3Nadia Couto - Faculdade Satc – [email protected]
Introdução
O jornalismo literário, normalmente presente em jornais, revistas e livros, possui espaço
também na internet. Bastos (2005) caracteriza o jornalismo literário como uma das vertentes do
jornalismo. O autor afirma que esta vertente possui duas direções: jornalismo de literatura e um
cuidado quanto à apuração e também à linguagem.

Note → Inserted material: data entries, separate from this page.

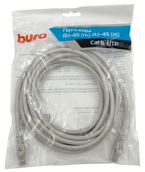 Патч-корд BURO UTP 4 пары cat.6 CCA molded 5м серый RJ-45 (m)-RJ-45 (m) [UTP-6-5M-G]
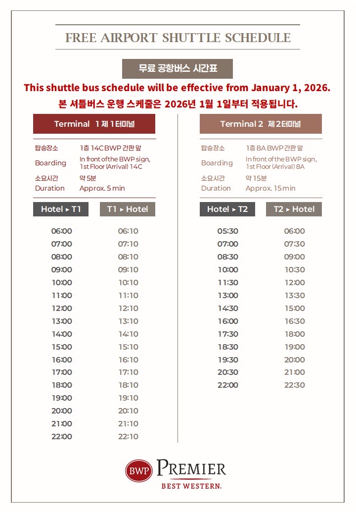 - 仁川国際空港からホテル無料シャトルバスで約5分。
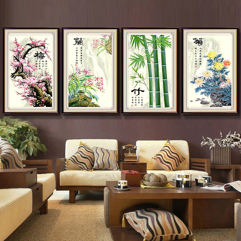 Printing cross-stitch new living room bedroom four gentleman elegant version Meilan bamboo chrysanthemum four screen vertical version four paintings large
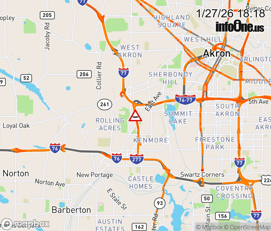 Canceled 1/27/26 7:18 PM Location: I-76 West at MM 20.2, OH Accident.
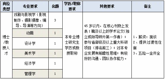影视制作学院 | 摄影摄像技术教师 | 摄影、电影、影视制作、导演相关专业 | 1 | 摄影摄像方向。 影视剧作或影视技术方向,熟练使用影视摄影灯光器材,参与过相关影视作品制作,有摄影摄像比赛经历更佳。具有纵向或横向科研能力。 |
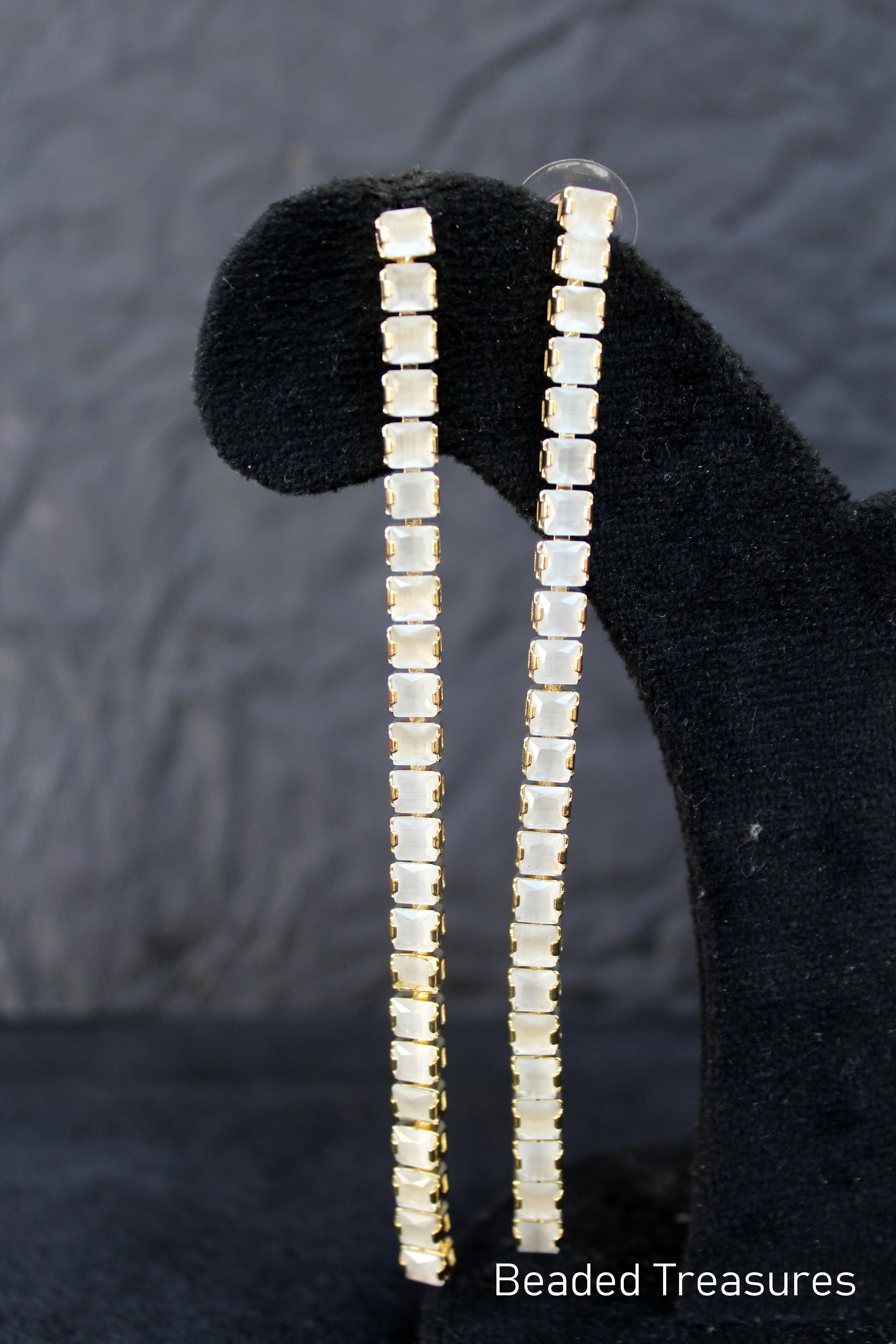- Elegant and sophisticated Gold-Toned Linear Drop Earrings featuring rows of sparkling clear stones, handcrafted by Beaded Treasures in Bengaluru.
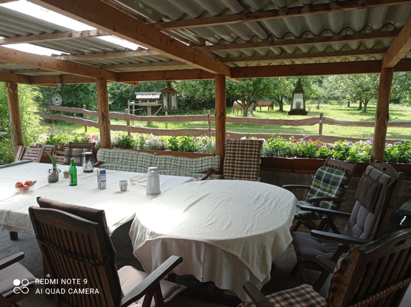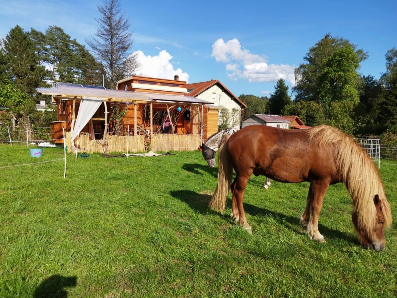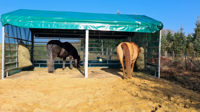 | Bäume Plätze: 4 | Sitzgelegenheiten unter Dach, direkte Sicht zu den Pferden |
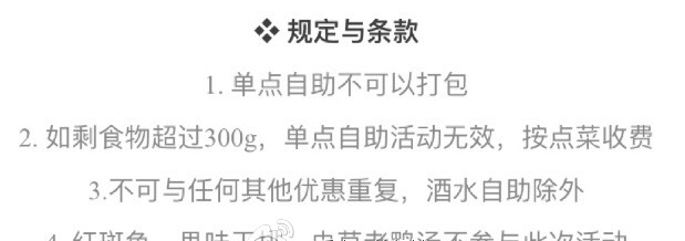 至于第四条只能说他们练了金钟罩铁脸皮刀枪blue你怕大家赖着不走完全可以限制用餐时间啊,不能要求餐馆像Starbucks麦当当一样叫不叫东西随便坐,但是没有限制点菜时间这种nc规定吧?餐馆自助完全可以规定两个小时内吃完吧,一个小时那是午餐好么?

Em contrapartida, Bastos (2005) acredita que é difícil imaginar o jornalismo literário
minucioso na superficialidade da internet, pois teria de se adaptar ao formato da rede, podendo
ser menos trabalhado do que se fosse em outros veículos, por exemplo, e perder suas
características.
De acordo com Pena (2013), o jornalista literário não deixa de utilizar em seus textos as
técnicas do jornalismo diário. Ele desenvolve as narrativas e técnicas e é capaz de constituir
novas estratégias profissionais.
O autor define o jornalismo literário como uma série de características, que juntas
formam o que ele denomina a estrela de sete pontas. São elas: potencializar os recursos
jornalísticos, ultrapassar os limites dos acontecimentos diários, proporcionar visões amplas da
realidade, exercer plenamente a cidadania, romper as correntes burocráticas do lide, evitar os
definidores primários e garantir perenidade e profundidade aos relatos.
Também conhecido como New Journalism, o Novo Jornalismo é uma das vertentes do
jornalismo literário, abordada neste artigo. Caracteriza-se pela reportagem aprofundada, de
forma elaborada e detalhada. Conforme Bulhões (2006), o Novo Jornalismo foi de encontro aos
limites convencionais do jornalismo, representando uma nova prática textual.
Wolfe (2005) afirma que o Novo Jornalismo foi rotulado como uma literatura de não-
ficção. Ele o descreve como um tipo de reportagem mais ambiciosa, intensa e detalhada, na qual
o repórter rompe os limites convencionais do jornalismo.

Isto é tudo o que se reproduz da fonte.